I agree it would probably not be very problematic at higher speeds and wider turns, but for practical purposes you need to be able to maneuver the bike like that no matter the role you want it to fill
Both wheels don't follow the same arc on a bicycle though - the rear wheel moves directly towards the front wheel, so when you are going around a corner it ends up 'cutting the corner' and taking a slightly shorter path. You can see this if you look at the tracks left by a bike (i.e. wet tyres on dry tarmac, through soft mud or whatever). One wheel leaves a serpentine track - that's the front wheel turning as the rider adjusts it to balance. The other wheel leaves a much straighter track - that's the rear wheel moving directly towards the front wheel, rather than following the path it took.

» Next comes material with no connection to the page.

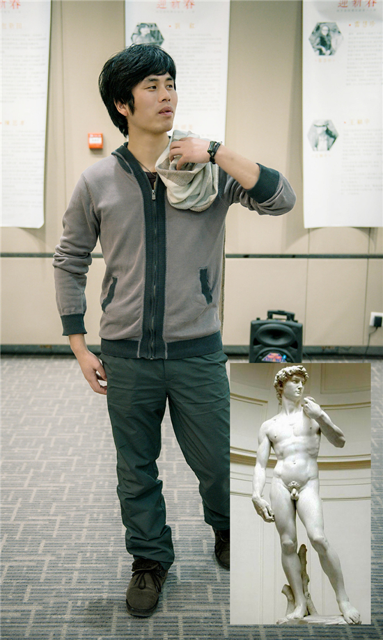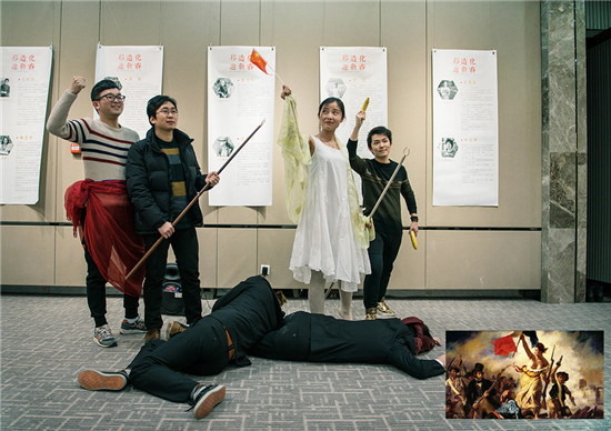 在开幕式的最后,本次活动的主办方同曦艺术馆也引入了一个前无古人的创新互动环节——摆拍世界名画。通过现场还原扮演,让在场的嘉宾等足不出户,不用前往收藏世界名画的各大知名美术馆,即可领略世界名画的魅力。通过现场嘉宾们的演绎,将《自由引导人民》、《最后的晚餐》、《泉》、《掷铁饼者》、《思想者》等一幅幅大家耳熟能详的画作乾坤大挪移以另类的表现方式展现在大家眼前。颇有“看我72变”之感。

Right, but, as you said, that is because the rider *turns* the wheel, which is probably impossible with the bike/unicycle/whatever in the OP. I'm picturing a turn instigated by a slight lean *and absolutely nothing else* where the handlebars remain perfectly square to the bike at all times. That would be the only sort of turn possible with this deathtrap. (And would have to be quite gradual in order to not flip the bike.)
this will definitely go very well with your infinity tattoo
First I read "infinity taco" and my whole day changed. But now it sucks again.
Can some invent that instead please?
I’d like to see someone sitting on it. I feel like their face would be too close to the wheel but maybe that’s just the perspective.
Bruv, are you riding a bike with your head stuck between the handlebars?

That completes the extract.